The problem:
In the entries below, begin at the line that has "Moscow Bohemian Natural" and stop after the line that has "Un evento musicale"; output those lines exactly, leaving out pictures.

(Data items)

********************

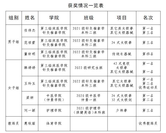 为备战本届武术比赛,教练团队科学制定训练计划,与队员们一道不畏艰辛、刻苦训练、奋力拼搏,在不断总结和反复尝试中突破自我,最终8名参赛队员分别在9个比赛项目中获得第一名5项,第二名2项、第三名2项、第四名2项,同时获得了本科女子甲组团体第三名的优异成绩。主教练惠秋丽老师获得“优秀教练员”称号,王玲玉同学获得“优秀运动员”称号。
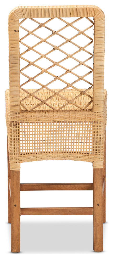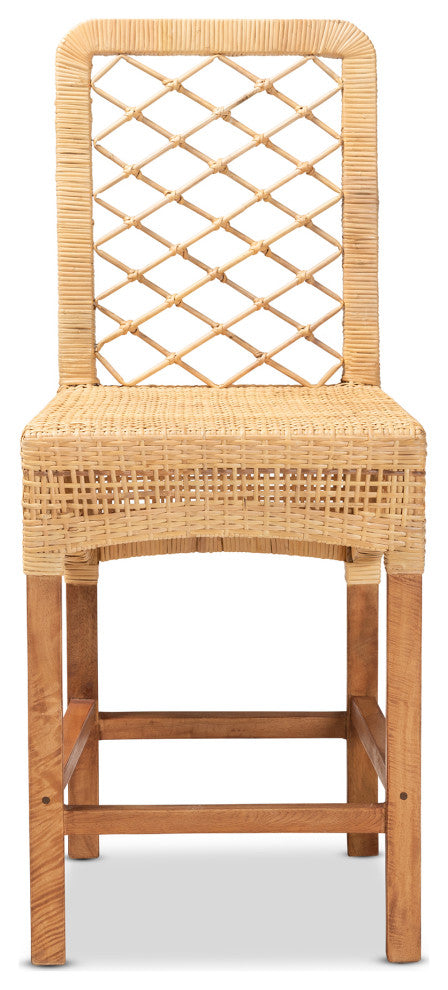 Moscow Bohemian Natural Brown Rattan and Walnut Brown Finish Wood Counter Stool
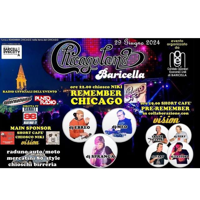 Un evento musicale che vede la luce per la quinta volta a Baricella, a cura del Comitato operatori economici uniti. Una serata speciale tutta musicale ispirata alla famosa discoteca Chicago di Baricella, un pezzo di storia del nostro paese che negli anni '70 e '80 di ragazzi ne fece ballare molti!
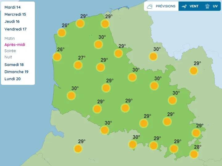 Le gouvernement appelle à la vigilance face à la vague de chaleur qui arrive en France ces prochains jours. Des pics à 40 degrés sont attendus dans la moitié du sud du pays. On dépassera les 30 degrés dans le Nord-Pas-de-Calais vendredi et samedi.
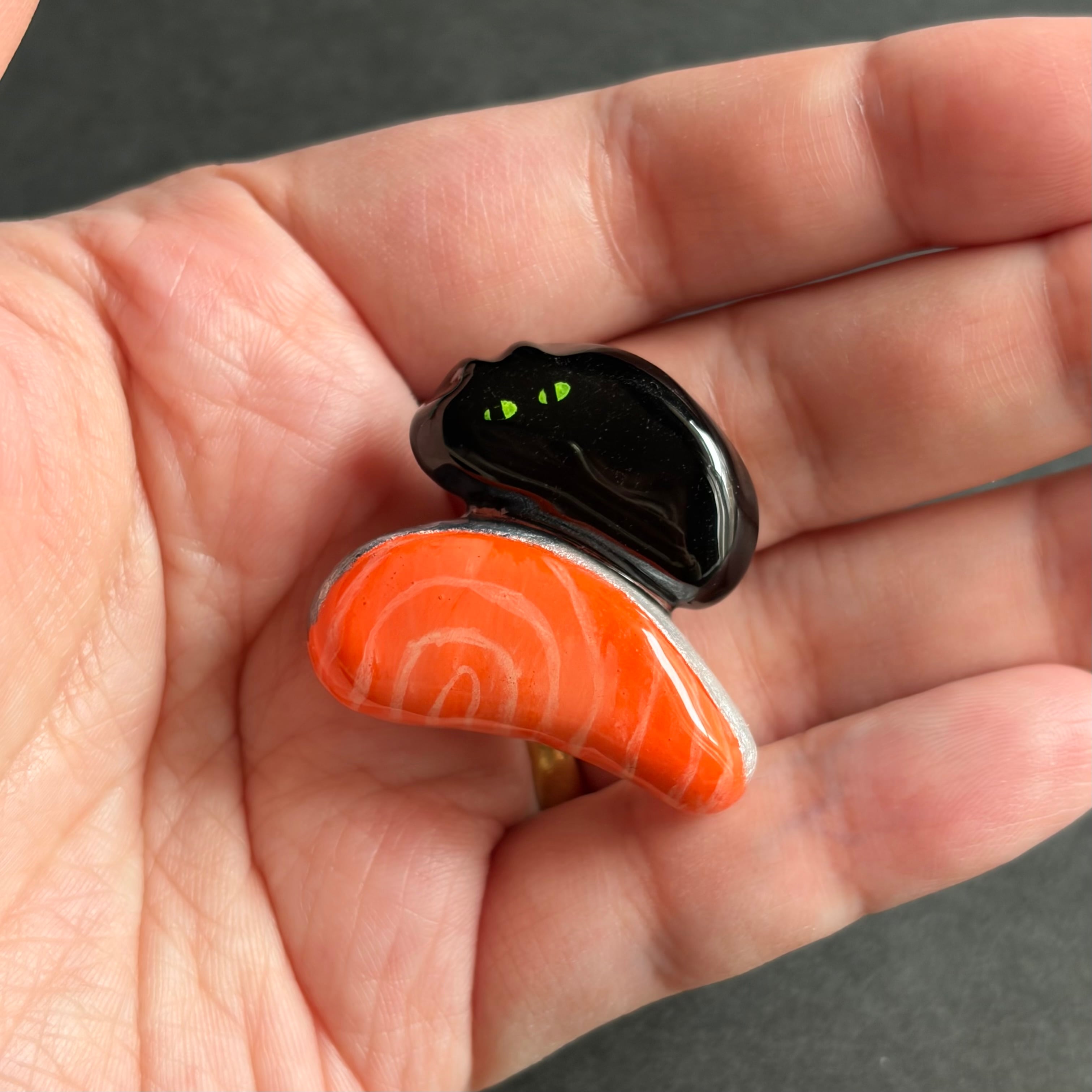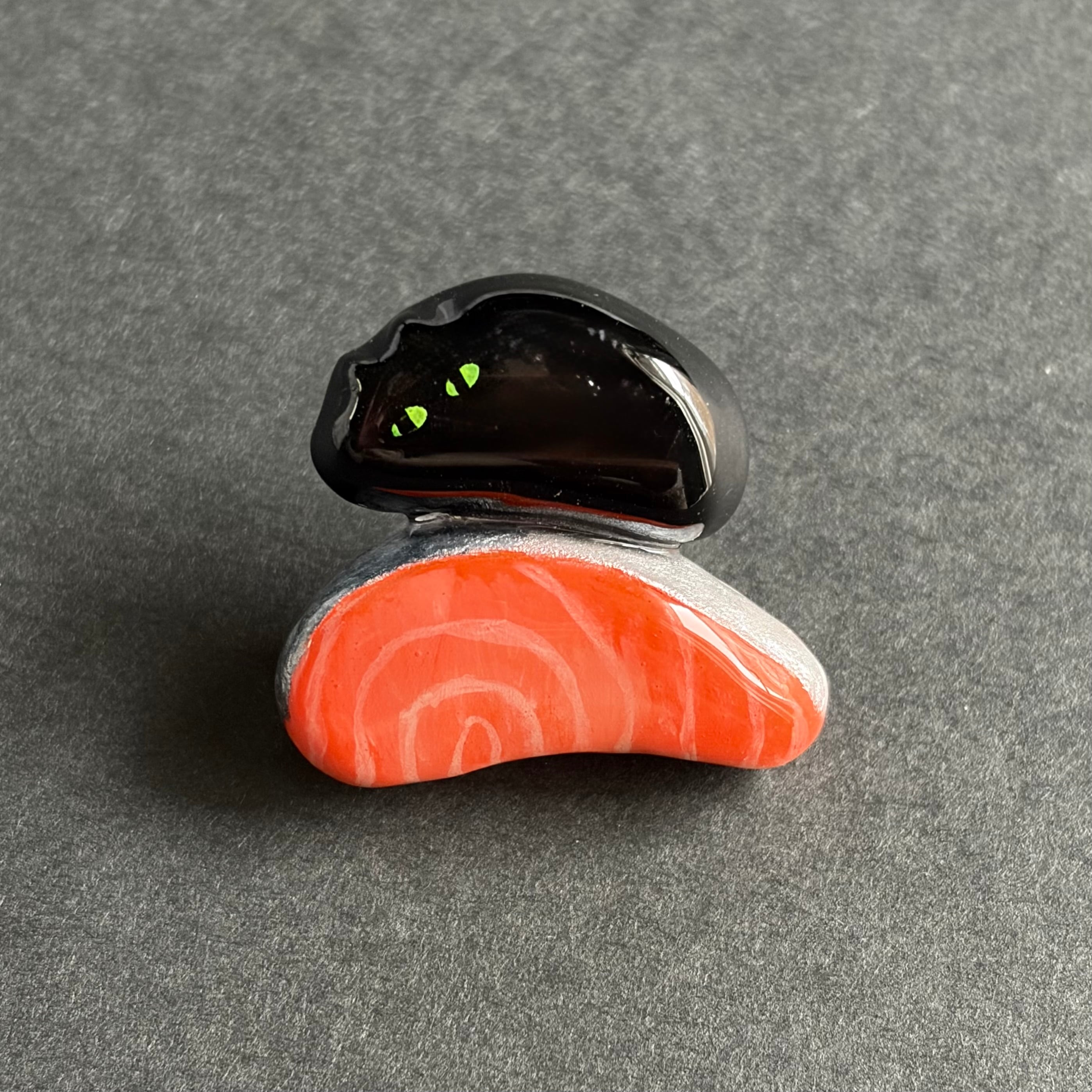 シャケ(切り身)を抱きしめるあやしいねこのブローチです。

********************

Worked solution:
 Moscow Bohemian Natural Brown Rattan and Walnut Brown Finish Wood Counter Stool
 Un evento musicale che vede la luce per la quinta volta a Baricella, a cura del Comitato operatori economici uniti. Una serata speciale tutta musicale ispirata alla famosa discoteca Chicago di Baricella, un pezzo di storia del nostro paese che negli anni '70 e '80 di ragazzi ne fece ballare molti!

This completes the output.